Gigachad 16 hours ago [-]
I hate being paid to review AI slop.
goalieca 1 days ago [-]
> With AI blowing up the line counts on PRs,
Well, the process you’re describing is mature and intentionally slows things down. The LLM push has almost the opposite philosophy. Everyone talks about going faster and no one believes it is about higher quality.
digikata 1 days ago [-]
Go slow to go fast. Breaking up the PR this way also allows later humans and AI alike to understand the codebase. Slowing down the PR process with standards lets the project move faster overall.
If there is some bug that slips by review, having the PR broken down semantically allows quicker analysis and recovery later for one case. Even if you have AI reviewing new Node.js releases for if you want to take in the new version - the commit log will be more analyzable by the AI with semantic commits.
Treating the code as throwaway is valid in a few small contexts, but that is not the case for PRs going into maintained projects like Node.js.
tracker1 1 days ago [-]
TBF, most of the AI code I've reviewed isn't significantly different than code I've seen from people... in fact, I've seen significantly worse from real people.
The fact is, it's useful as a tool, but you still should review what's going on/in. That isn't always easy though, and I get that. I've been working on a TS/JS driver for MS-SQL so I can use some features not in other libraries, mostly bridging a Rust driver (first Tiberious, then mssql-client), the clean abstraction made the switch pretty quick... a fairly thorough test suite for Deno/Node/Bun kapt the sanity in check. Rust C-style library with FFI access in TS/JS server environment.
My hardest part, is actually having to setup a Windows Server to test the passswordless auth path (basically a connection string with integrated windows auth). I've got about 80 hours of real time into this project so far. And I'll probably be doing 2 followups.. one with be a generic ODBC adapter with a similar set of interfaces. And a final third adapter that will privide the same methods, but using the native SQLite underneath but smothing over the differences.
I'm leveraging using/dispose (async) instead of explicit close/rollback patterns, similar to .Net as well as Dapper-like methods for "Typed" results, though no actual type validation... I'd considered trying to adapt Zod to check at least the first record or all records, and may still add the option.
All said though, I wouldn't have been able to do so much with so relatively little time without the use of AI. You don't have to sacrifice quality to gain efficiency with AI, but you do need to take the time to do it.
dotancohen 1 days ago [-]
> Everyone talks about going faster and no one believes it is about higher quality.
Go Fast And Break Things was considered a virtue in the JavaScript community long before LLMs became widely available.

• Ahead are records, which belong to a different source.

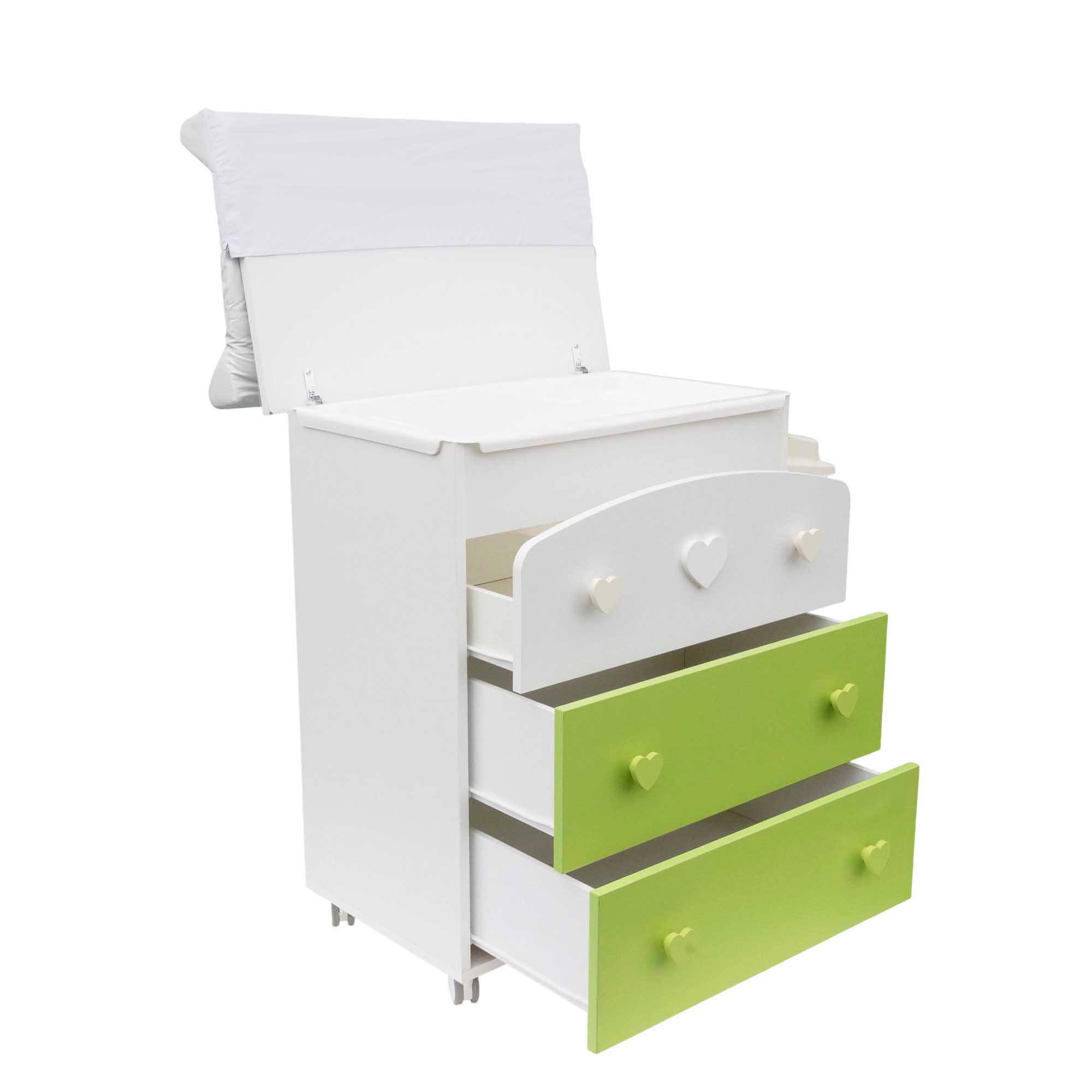 Baby Commode Verdi, BabyDreams, Drawers, Changing Mattress and Bath Tube Included, 76x47x92 cm, White-Green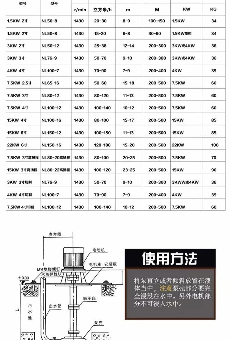 - 2-дюймовый 1-метровый канализационный насос (одиночный насос) 1,5 кВт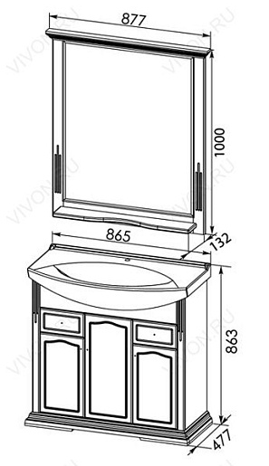 Размеры ШхГхВ: 877х132х1000 мм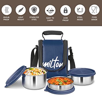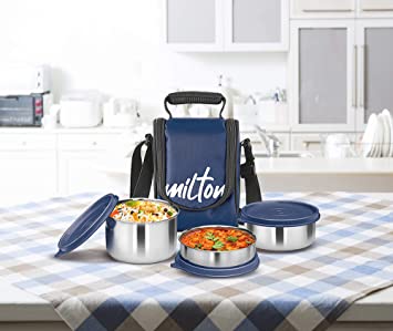 Material type: Stainless Steel; No. of containers: 3; Capacity of containers: 200 ml, 320 ml, 500 ml; Contents include: Tasty Lunch Box(3 Containers); Colour: Blue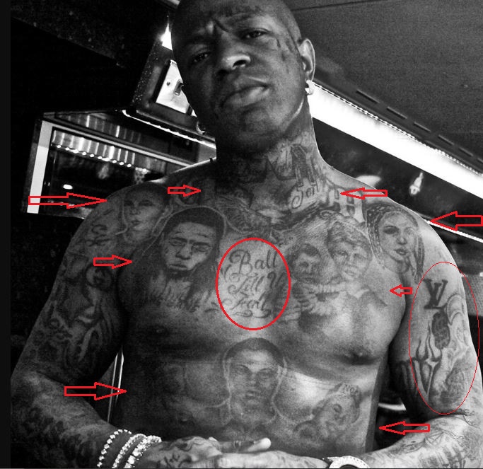 Tatouage: Tout le corps de Birdman est couvert de tatouages uniques. Son cou contient une citation encrée sur laquelle, un grand tatouage d’étoile a été ajouté maintenant. La partie médiane de sa poitrine contient les lignes, “Balle jusqu’à ce que tu meurs» tatoué dessus. Son épaule gauche contient un tatouage de un portrait d’une fille aux cheveux tressés. Son pectoral gauche contient un tatouage de un portrait de femme tenant un enfant dans ses bras. L’épaule droite de Birdman contient un tatouage de un portrait d’un garçon. Son pectoral gauche contient un grand tatouage du portrait du rappeur Lil Wayne avec son nom tatoué en dessous de lui en flammes. L’estomac de Birdman contient un grand tatouage de trois autres hommes. Son ventre a un tatouage de un portrait d’un vieil homme et deux jeunes garçons portant des casquettes de chaque côté. Le bras supérieur gauche du rappeur contient également tatouages de deux signes dollar avec le Logo Louis Vuitton tatoué dessus.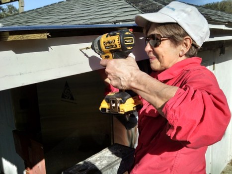 Previous Image Anne installing fascia on shed in water plant Anne installing fascia on shed in water plant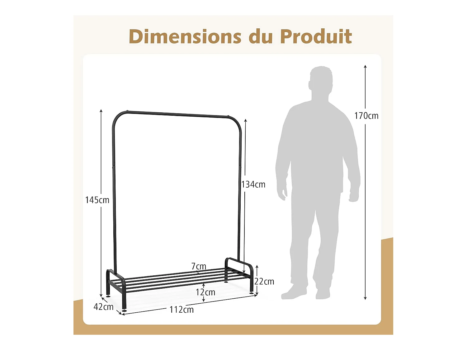 Portant à vêtements,150 x 60 x 170 cm,robuste et facile à monter pour un rangement optimal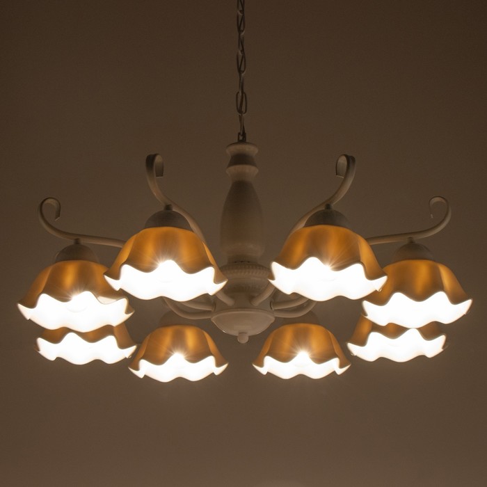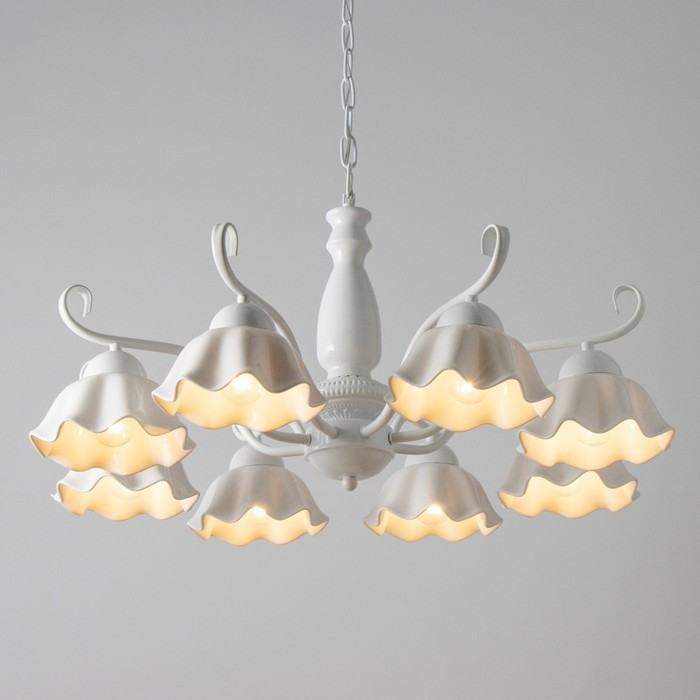 Великолепие классики для просторных помещений! Восьмирожковая люстра в белом исполнении — это масштабный светильник, создающий торжественную атмосферу и обеспечивающий качественное освещение. Модель с восемью плафонами станет центральным элементом интерьера в классическом или прованском стиле.

syrusakbary 1 days ago [-]
Fully disagree with this take. Not allowing AI assistance on PRs will likely decimate the project in the future, as it will not allow fast iteration speeds compared to other alternatives.
Note aside, OpenJS executive director mentioned it's ok to use AI assistance on Node.js contributions:
I checked with legal and the foundation is fine with the DCO on AI-assisted contributions. We’ll work on getting this documented.
I appreciate hearing your point of view on this. In my opinion the future of Open Source and AI assisted coding is a much bigger issue, and different people have different levels of confidence in both positive and negative outcomes of LLM impact on our industry.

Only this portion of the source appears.